Great article. It reminds me of wildlife, like feeding dolphins in the bay where I live in Miami. It's not a good thing to do because dolphins may depend on humans for feeding and lose their motivation to hunt. Humans often take advantage of other's empathy to their detriment.
Good take. Few thoughts.
1) Firstly a picky one: you say "This idea helps to redeem the word “trauma,” which, some have argued, has been cheapened to cover nearly anything" and in the very same text place bombs, videos of loved ones' deaths AND REPEATEDLY SEEING AN EX WITH A NEW PARTNER in the same potentially unbearable/injurious beyond repair or benefit group. Was this a trick to catch your readers or do you genuinely not think that one of those things is not like the others?
2) So we have three (maybe four) categories of unpleasant experiences: such that are subject to full healing without longer term impairment; causing long term impairment; causing long term improvement/adaptive learning but without which we'll be fine too; and possibly also ones that are actually necessary for thriving.
While the second category is the standard trauma, I'd propose that the third category can also lead to widespread dysfunction not because the original adaptation is ineffective,but because it becomes so ingrained that it's hard to adapt to a changed environment. We could argue that this being stuck is effectively a form of second category, but this way we lose a distinction between a soldier who falls apart after a period of combat and one who adapts well to that situation but can't shake those new habits on return to safety (without developing PTSD).
And then we have a more ethical than functional point: how much importance should we place on category one: neither beneficial nor harmful but unpleasant.

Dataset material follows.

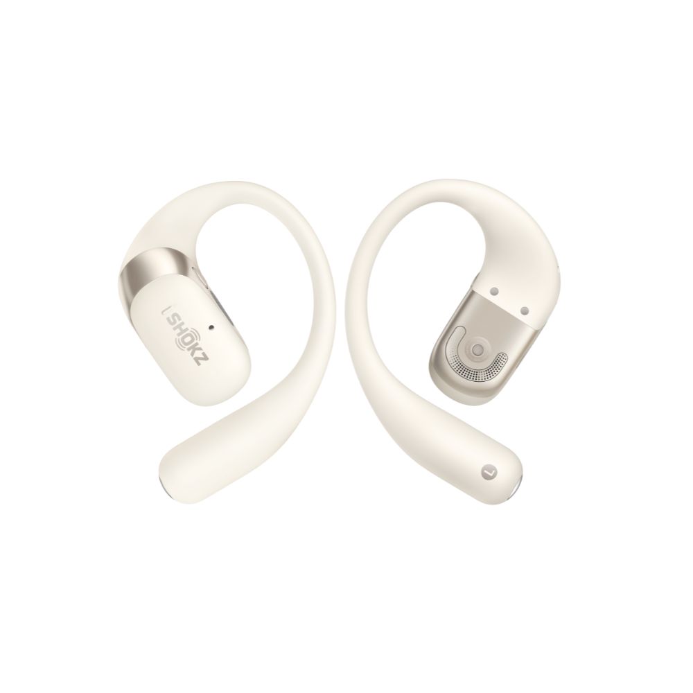 Shokz OpenFit 2 Beige Bluetooth Headset Noise Cancelling Mic Around Ear Air Conduction – OpenBass – Water Resistant IP55 – 48Hr Battery Life.

To use an example: even if corporal punishment wasn't long term damaging, we STILL shouldn't beat our children because making another person suffer if there are alternatives is a Bad Thing to Do.

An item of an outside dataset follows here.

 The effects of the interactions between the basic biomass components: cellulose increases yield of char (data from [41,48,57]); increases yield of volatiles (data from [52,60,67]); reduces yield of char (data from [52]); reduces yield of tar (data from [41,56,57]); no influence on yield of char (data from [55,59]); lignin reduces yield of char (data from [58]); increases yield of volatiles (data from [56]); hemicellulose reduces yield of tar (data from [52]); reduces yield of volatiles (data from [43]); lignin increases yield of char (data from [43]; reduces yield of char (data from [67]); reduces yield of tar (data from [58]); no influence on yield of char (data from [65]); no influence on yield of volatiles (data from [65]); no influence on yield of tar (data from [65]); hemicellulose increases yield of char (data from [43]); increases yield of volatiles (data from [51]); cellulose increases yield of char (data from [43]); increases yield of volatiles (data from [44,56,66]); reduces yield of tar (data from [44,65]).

3) And finally, and I think very importantly for practical application of this thinking: I'm not sure we can clearly draw the line objectively. In your
footnote 4 there's a clue to why not: the effects will depend on the person. The same thing that's injurious for one child or young adult will be a challenge with positive effects or at least ultimately harmless for another. And while I'm sure that cultural framing of life events matters A LOT, individual differences in sensitivity and resilience (because of genetics/wiring and because of personal history) will also make a big difference.
On 1), that’s a fair point. It probably speaks more to my own psychology (see your point 3) than anything else. It wasn’t a trick as much as an attempt to say—with indifferent success—that traumas do have a number of different sources. But, fair enough. On 2) I am sympathetic to this way of breaking things out as well as your ethical perspective. To be candid, I’d just like to see more discussion of this sort of framing. But, yes, I think your view and my view both point to the second category as being special and the empirical agenda should be identifying what belongs in that category. On 3) I also agree with you. The issue of (large) individual differences makes the whole enterprise vexing. If only people were more similar, clinical psychology—and, heck, the rest of psychology—would be a lot easier.
Great article. It reminds me of wildlife, like feeding dolphins in the bay where I live in Miami. It's not a good thing to do because dolphins may depend on humans for feeding and lose their motivation to hunt. Humans often take advantage of other's empathy to their detriment.